The ST‐seq data was bioinformatically processed using the R package Seurat (version 3.2.0). In brief, default values were used for normalization (“SCTransform”), dimensionality reduction (“RunPCA”), graph‐based clustering (“FindNeighbors” and “FindClusters” algorithms), UMAP visualization, and DEGs analysis. Cell2location with the default parameters to determine the cell‐type composition of each spot was used.^{[ 64 ]} The model basis was initialized using all markers, and unit variance normalization was performed.
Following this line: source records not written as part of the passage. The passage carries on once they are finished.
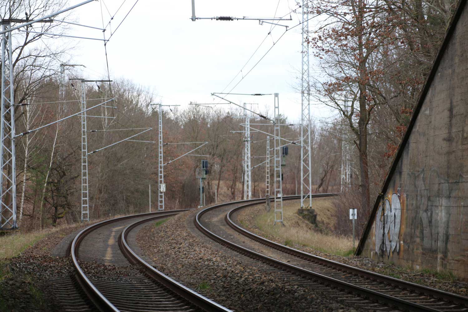 km 12,8 (Richtungsgleis) und km 13,0 (Richtungsgleis) im Bereich Grünauer Kreuz - Blick Richtung Görlitz
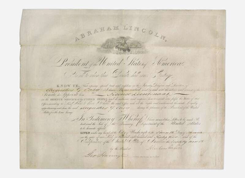 Washington (D.C.), March 7, 1865. Partially-printed commission on vellum, signed by Abraham Lincoln as President of the United States, appointing Augustus G. Carey a Second Lieutenant in the Revenue Service of the United States; counter-signed by Secretary of the Treasury ad interim, George Harrington; embossed stamp in bottom left. Creasing from old folds, wear and soiling along same; small open tears at top and bottom central vertical fold; creasing and light wear in top left corner. 13 3/4 x 17 3/4 in. (349 x 451 mm).
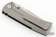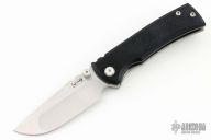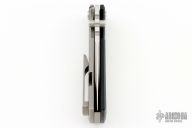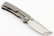 This Chaves Ultramar Redencion Drop Point features a satin finished blade with the Chaves logo, dual thumbstuds, and notched thumbrest. The handle is made up of a black G10 scale, tumbled titanium skull pocket clip (positioned for tip up carry), and a matching titanium backspacer. Has overtravel stop. Blade is centered when closed, and locks up with no play. Comes with box and additional clip. Excellent Condition.
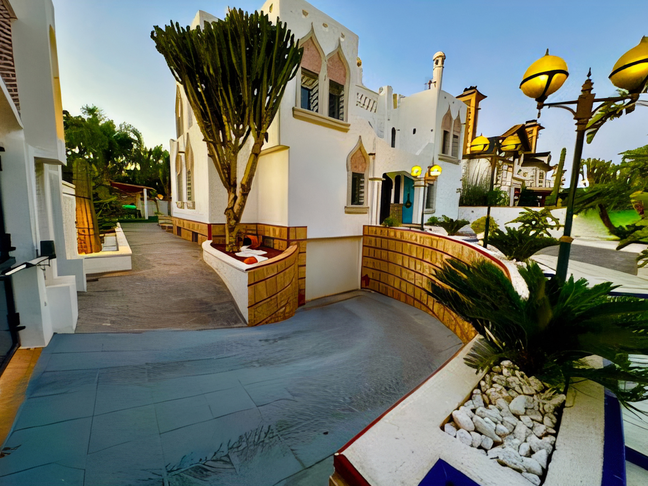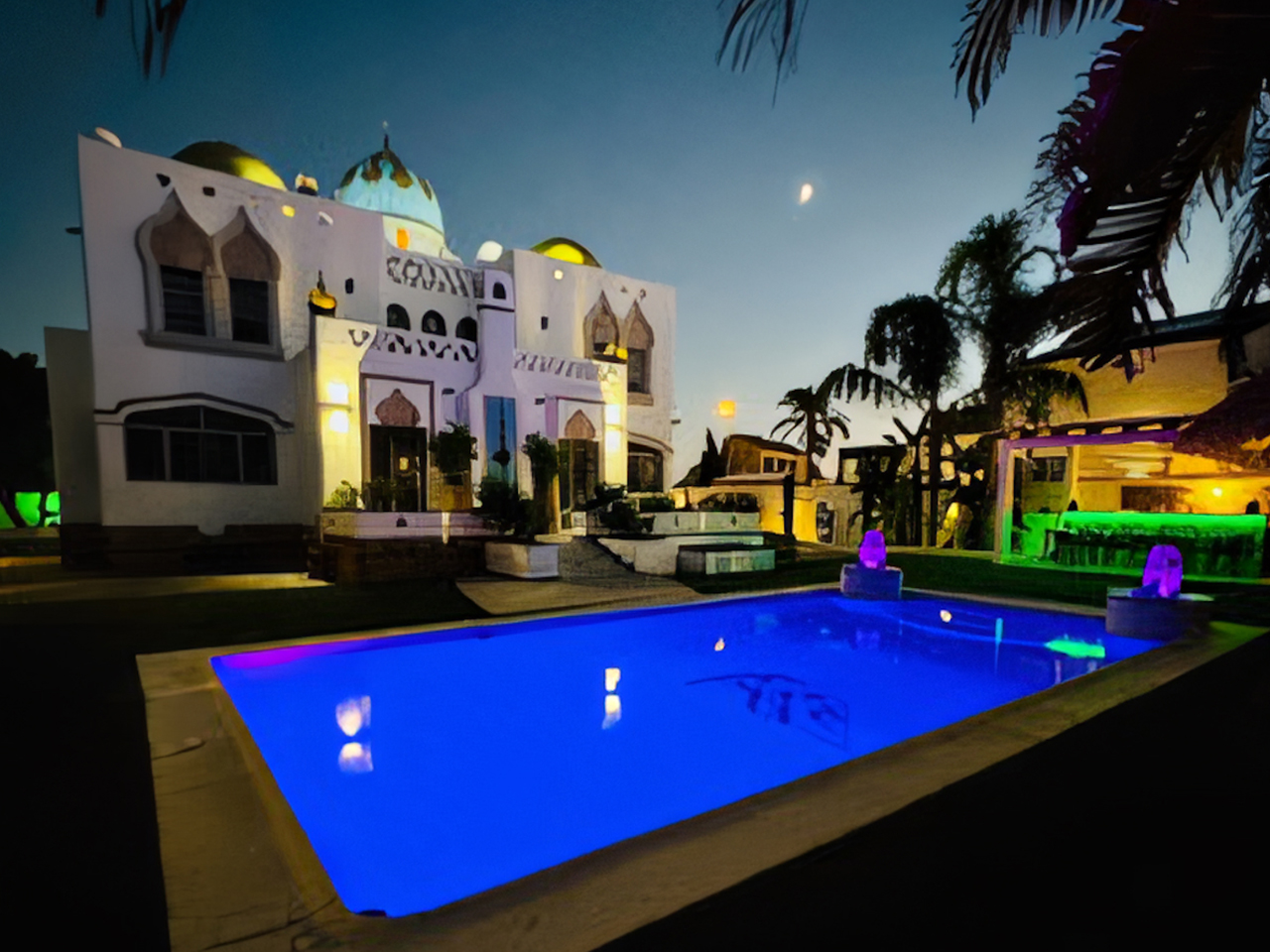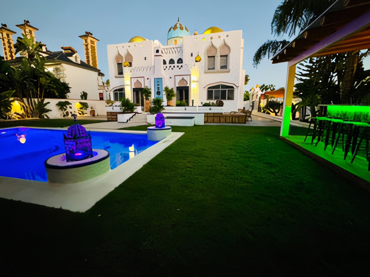 La Villa Árabe es un oasis de lujo inspirado en las Mil y Una Noches, situada junto al Paraje Natural de Punta Entinas-Sabinar y a tan solo 10 minutos de la playa. Su imponente cúpula azul es el centro visual de la villa, evocando la grandeza y la magia de los antiguos palacios árabes. Los interiores son igualmente impactantes, decorados con frescos originales del renombrado artista Waldi Wrobel, celosías iluminadas, y fuentes árabes interiores que añaden serenidad y elegancia a los espacios. Los suelos de mármol, arcos de madera tallada, azulejos andalusí y nazari, y carpintería de pino tea crean una atmósfera de lujo y exotismo. El dormitorio principal, con una cama de dosel y baño en suite, se abre a una gran terraza con vistas al jardín.

MistyR (v1.2.1) was used to investigate the relationships between tissue organization and the spatial distribution of macrophages and other cells. The abundances of cell types determined with cell2location were used as predictors. To account only for the impacts of cell state activation, predictor cell state scores were masked to 0 whenever their score was less than 0.

mIHC

All the Formalin‐fixed and paraffin‐embedded (FFPE) tissues used within the experimental operation were sectioned as slides of 4 µm thickness. The slides were deparaffinized in xylene for 30 min and rehydrated in absolute ethyl alcohol for 5 min (twice), 95% ethyl alcohol for 5 min, and 75% ethyl alcohol for 2 min sequentially. Wash the slides with distilled water 3 times. A microwave oven was used for heat‐induced epitope retrieval, and during epitope retrieval, the slides were immersed in boiling EDTA buffer (ZLI‐9079, zsbio, Beijing, China) for 15 min. Antibody Diluent/Block from Alpha X Bio was used for blocking. The mIHC experiments were performed by AlphaXPainter X30 (Alpha X Bio, Beijing, China). Primary antibodies for anti‐Igf1 (1:500, Abcam), anti‐Igf1r (1:200, Abcam), anti‐α‐SMA (1:500, Abcam), and anti‐CD68 (1:200, GB113109, Servicebio) were utilized on mice kidneys. 2–3 experienced pathologists assessed each part. All the primary antibodies were incubated for 1 h at 37 °C. Then slides were incubated with Alpha X Ploymer HRP Ms+Rb (Alpha X Bio, Beijing, China) for 10 min at 37 °C. Alpha X 7‐Color IHC Kit (AXT37100031, Alpha X Bio, Beijing, China) was used for visualization. After each staining cycle, heat‐induced epitope retrieval was performed to remove all the antibodies including primary & secondary antibodies. The slides were counter‐stained with DAPI for 5 min and enclosed in Antifade Mounting Medium (I0052; NobleRyder, Beijing, China). ZEISS AXIOSCAN 7 was used to scan multispectral pictures. Halo (v.3.4; Indica Labs) or QuPath (v.0.2.0) were used to count cells of interest.

Conflict of Interest

The authors declare no conflict of interest.

Author Contributions

Y.‐L.Z., T.‐T.T., and B.W. contributed equally to this work. Y.‐L.Z., T.‐T.T., and B.W. conceptualized and designed the experiments, interpreted experimental results, and wrote the manuscript, with contributions from all authors; Y.‐L.Z. conducted most of the experiments, with help from Y.W., Y.F., Q.Y., W.J., Y.Z., Z.‐L.L., M.W., Q.‐L.W., and J.S.; W.J. carried out animal experiments; S.D.C., H.‐Y.L., L.‐L.L., and B.‐C.L. conceptualized the study, provided supervision, interpreted all results, and wrote the manuscript. All authors read and approved the final paper.

Supporting information

Supporting Information

Zhang Y.‐L., Tang T.‐T., Wang B., Wen Y., Feng Y., Yin Q., Jiang W., Zhang Y., Li Z.‐L., Wu M., Wu Q.‐L., Song J., Crowley S. D., Lan H.‐Y., Lv L.‐L., Liu B.‐C., Identification of a Novel ECM Remodeling Macrophage Subset in AKI to CKD Transition by Integrative Spatial and Single‐Cell Analysis. Adv. Sci. 2024, 11, 2309752. 10.1002/advs.202309752

Data Availability Statement

The data that support the findings of this study are available from the corresponding author upon reasonable request.